[Records contained in a dataset]

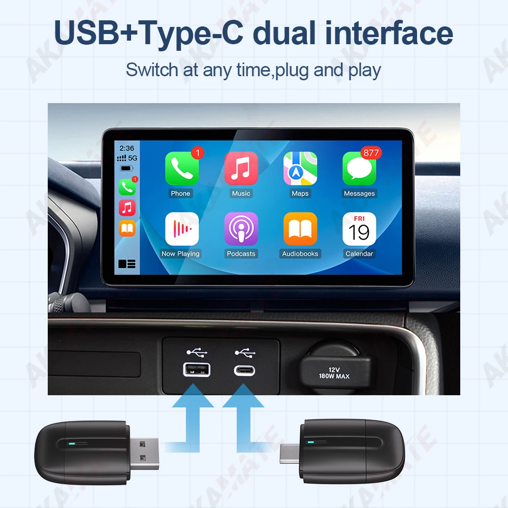 1. محول مشغل سيارة سلكي لاسلكي ، قل وداعًا 2 في 1 من النوع C/USB ، تثبيت التوصيل والتشغيل ، مستقر وسريع ، لا حاجة لإزالة راديو OEM
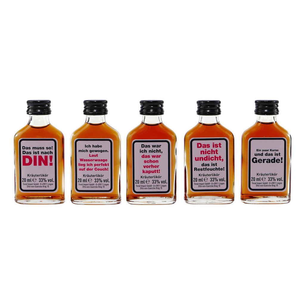 Die Partywaage Kräuterlikör Kollektion, bestehend aus fünf handlichen Fläschchen à 0,02 Liter, verspricht unvergessliche Genussmomente in der Wasserwaagen-Geschenkverpackung. Diese erlesenen Kräuterliköre sind die perfekte Wahl für jeden Anlass. Ideal als edles Geschenk für Handwerker.
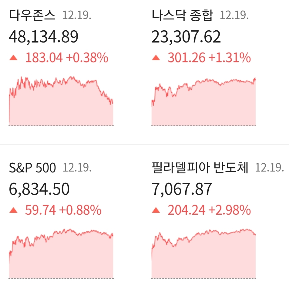 다우지수는 전일 대비 전일대비 +0.38% 오른 48,134.89에 거래를 마쳤으며, 대형주 중심의 S&P500 지수는 전장 대비 +0.88% 상승한 6,834.50에 장을 마감하였습니다. 기술주 중심의 나스닥 지수는 전 거래일 대비 +2.98% 오른 23,307.62에 거래를 마치며 장을 마감하였습니다.
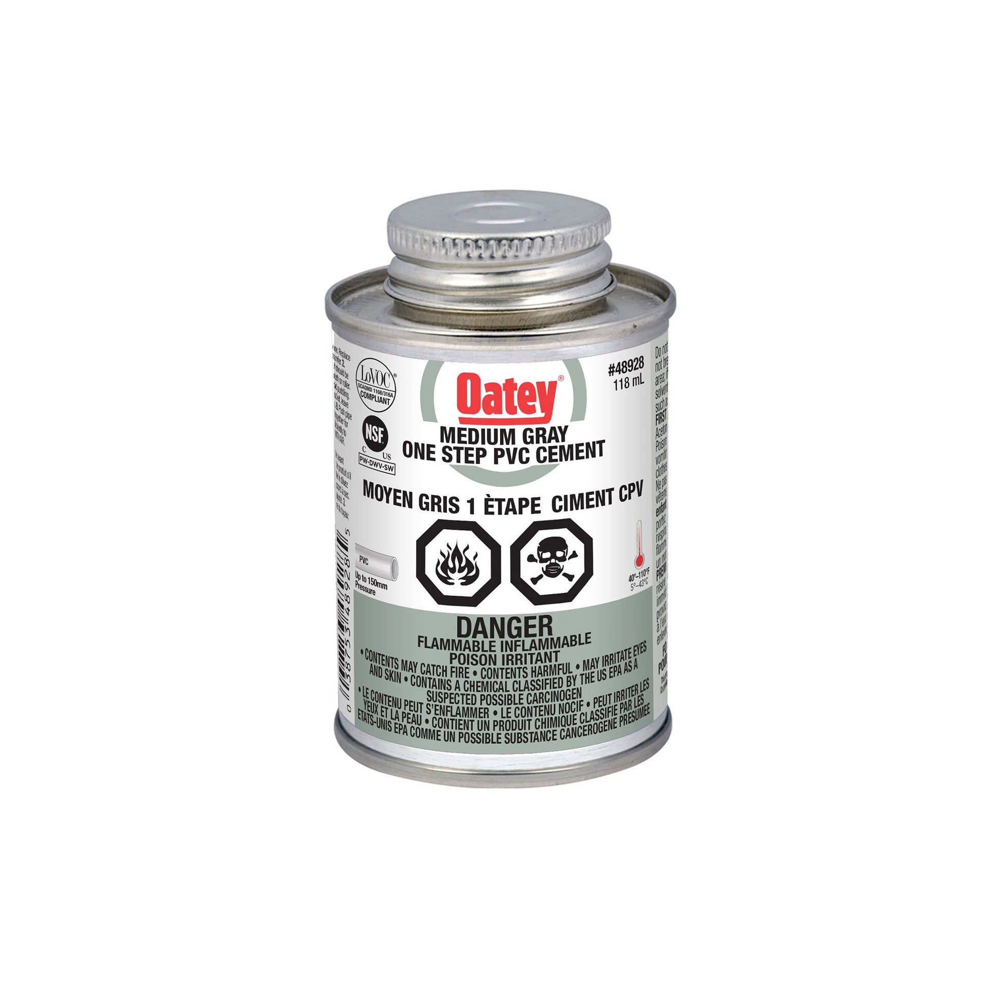Oatey 48928 PVC 1-Step Medium Gray Cement, 118mL
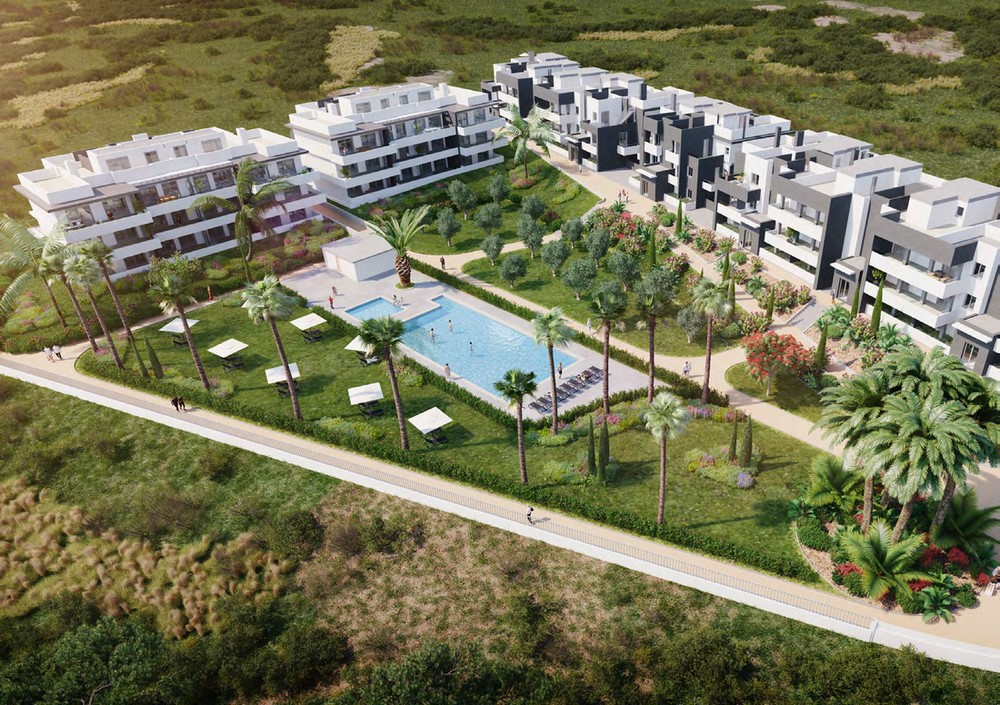 Serenity Views is a closed complex consisting of only 66 apartments of 2 and 3 bedrooms, on 3 levels, harmoniously distributed around common areas with beautiful gardens and a large swimming pool. The apartments all have beautiful terraces of 25 to 165 m2 with very nice open views towards the common garden, the mountain and the sea. The ground floor units offer a terrace and a garden, the first floor beautiful terraces ranging from 25 to 35 m2 and finally the 2nd floor apartments offer, in addition to the terrace, a beautiful solarium on the roof.
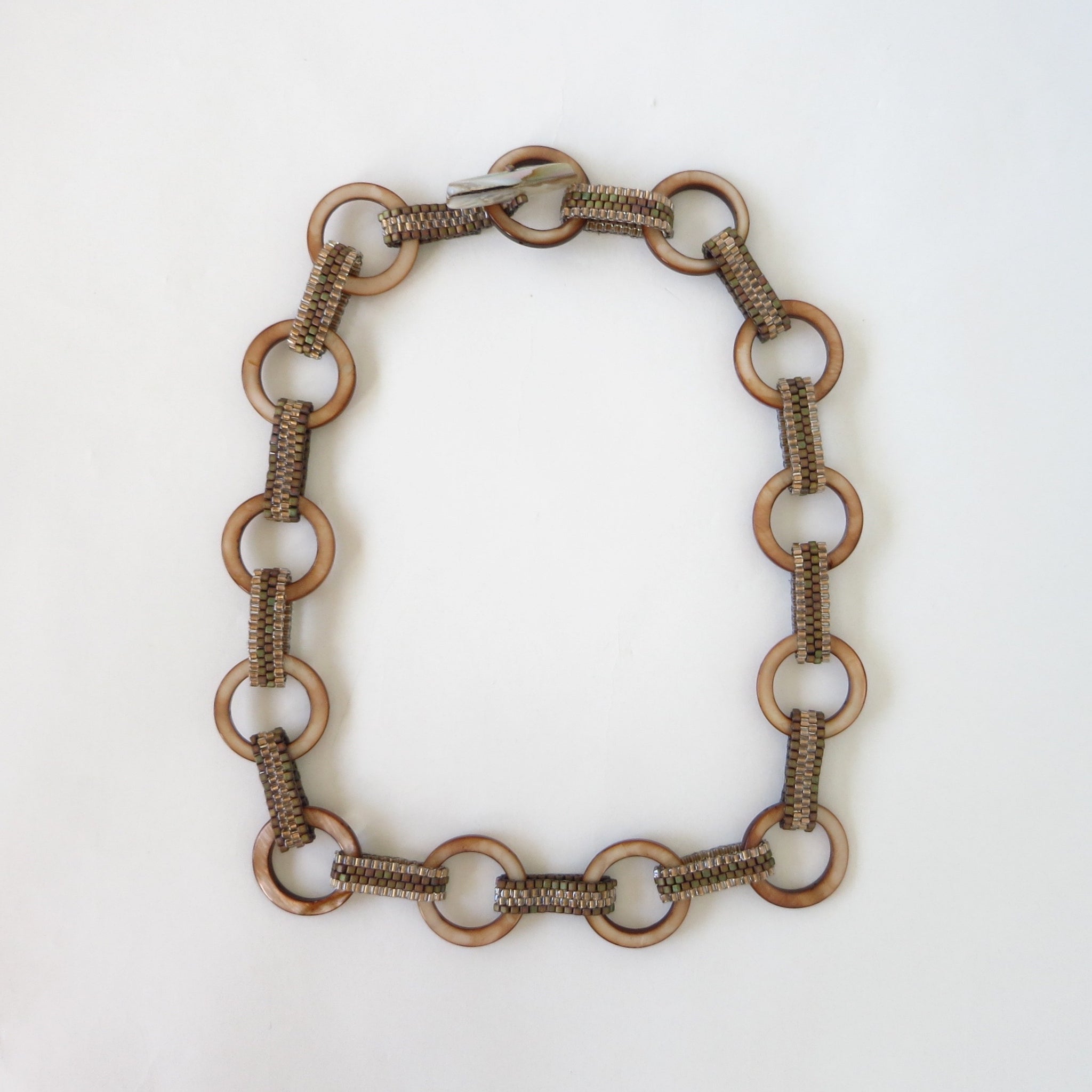 These mother of pearl donut links are just gorgeous to work with. They are 1" round, and I created supple connectors using small square beads, and the necklace feels nice against the skin. The links will turn when worn for a lovely effect. For smaller necks, the toggle can go into any link. Approx. 20" in length with a mother of pearl clasp.

- [TASK OBJECTIVE] Using the data above, copy exactly the lines from the one containing "Die Partywaage Kräuterlikör" to the one containing "Oatey 48928 PVC", inclusive. Exclude the pictures.

- [PROBLEM SOLUTION]
 Die Partywaage Kräuterlikör Kollektion, bestehend aus fünf handlichen Fläschchen à 0,02 Liter, verspricht unvergessliche Genussmomente in der Wasserwaagen-Geschenkverpackung. Diese erlesenen Kräuterliköre sind die perfekte Wahl für jeden Anlass. Ideal als edles Geschenk für Handwerker.
 다우지수는 전일 대비 전일대비 +0.38% 오른 48,134.89에 거래를 마쳤으며, 대형주 중심의 S&P500 지수는 전장 대비 +0.88% 상승한 6,834.50에 장을 마감하였습니다. 기술주 중심의 나스닥 지수는 전 거래일 대비 +2.98% 오른 23,307.62에 거래를 마치며 장을 마감하였습니다.
Oatey 48928 PVC 1-Step Medium Gray Cement, 118mL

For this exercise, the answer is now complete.